__Supplied data__
_ _ _
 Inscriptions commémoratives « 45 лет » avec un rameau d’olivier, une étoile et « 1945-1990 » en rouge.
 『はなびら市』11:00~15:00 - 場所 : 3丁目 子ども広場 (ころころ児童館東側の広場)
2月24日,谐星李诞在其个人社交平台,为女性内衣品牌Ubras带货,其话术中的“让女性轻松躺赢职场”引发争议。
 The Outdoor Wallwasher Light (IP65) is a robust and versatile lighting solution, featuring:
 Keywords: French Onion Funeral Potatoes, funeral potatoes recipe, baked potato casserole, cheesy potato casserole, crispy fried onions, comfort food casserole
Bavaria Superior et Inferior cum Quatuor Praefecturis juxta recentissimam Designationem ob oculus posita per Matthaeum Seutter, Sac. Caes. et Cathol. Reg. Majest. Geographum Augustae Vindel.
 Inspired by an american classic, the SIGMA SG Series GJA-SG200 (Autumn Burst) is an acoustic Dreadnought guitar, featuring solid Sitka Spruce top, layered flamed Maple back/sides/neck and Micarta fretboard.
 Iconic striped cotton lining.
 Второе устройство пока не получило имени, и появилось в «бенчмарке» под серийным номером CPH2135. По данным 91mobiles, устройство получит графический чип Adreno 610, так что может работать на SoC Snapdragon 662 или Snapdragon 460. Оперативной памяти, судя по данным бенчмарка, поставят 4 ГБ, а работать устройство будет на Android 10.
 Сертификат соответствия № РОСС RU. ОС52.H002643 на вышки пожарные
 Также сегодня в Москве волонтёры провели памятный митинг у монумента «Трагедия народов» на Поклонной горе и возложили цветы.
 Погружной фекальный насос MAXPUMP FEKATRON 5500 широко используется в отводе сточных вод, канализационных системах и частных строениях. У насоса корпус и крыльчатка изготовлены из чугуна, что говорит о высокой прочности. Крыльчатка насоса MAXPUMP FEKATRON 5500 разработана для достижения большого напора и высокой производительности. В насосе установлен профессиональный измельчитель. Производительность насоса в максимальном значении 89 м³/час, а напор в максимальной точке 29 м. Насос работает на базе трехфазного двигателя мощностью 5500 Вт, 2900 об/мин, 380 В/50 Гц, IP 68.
_ _ _
__Directions__
Write out the listing exactly from its first line to the line containing "Также сегодня в". Both of those lines belong in the answer.

__Task output__
 Inscriptions commémoratives « 45 лет » avec un rameau d’olivier, une étoile et « 1945-1990 » en rouge.
 『はなびら市』11:00~15:00 - 場所 : 3丁目 子ども広場 (ころころ児童館東側の広場)
2月24日,谐星李诞在其个人社交平台,为女性内衣品牌Ubras带货,其话术中的“让女性轻松躺赢职场”引发争议。
 The Outdoor Wallwasher Light (IP65) is a robust and versatile lighting solution, featuring:
 Keywords: French Onion Funeral Potatoes, funeral potatoes recipe, baked potato casserole, cheesy potato casserole, crispy fried onions, comfort food casserole
Bavaria Superior et Inferior cum Quatuor Praefecturis juxta recentissimam Designationem ob oculus posita per Matthaeum Seutter, Sac. Caes. et Cathol. Reg. Majest. Geographum Augustae Vindel.
 Inspired by an american classic, the SIGMA SG Series GJA-SG200 (Autumn Burst) is an acoustic Dreadnought guitar, featuring solid Sitka Spruce top, layered flamed Maple back/sides/neck and Micarta fretboard.
 Iconic striped cotton lining.
 Второе устройство пока не получило имени, и появилось в «бенчмарке» под серийным номером CPH2135. По данным 91mobiles, устройство получит графический чип Adreno 610, так что может работать на SoC Snapdragon 662 или Snapdragon 460. Оперативной памяти, судя по данным бенчмарка, поставят 4 ГБ, а работать устройство будет на Android 10.
 Сертификат соответствия № РОСС RU. ОС52.H002643 на вышки пожарные
 Также сегодня в Москве волонтёры провели памятный митинг у монумента «Трагедия народов» на Поклонной горе и возложили цветы.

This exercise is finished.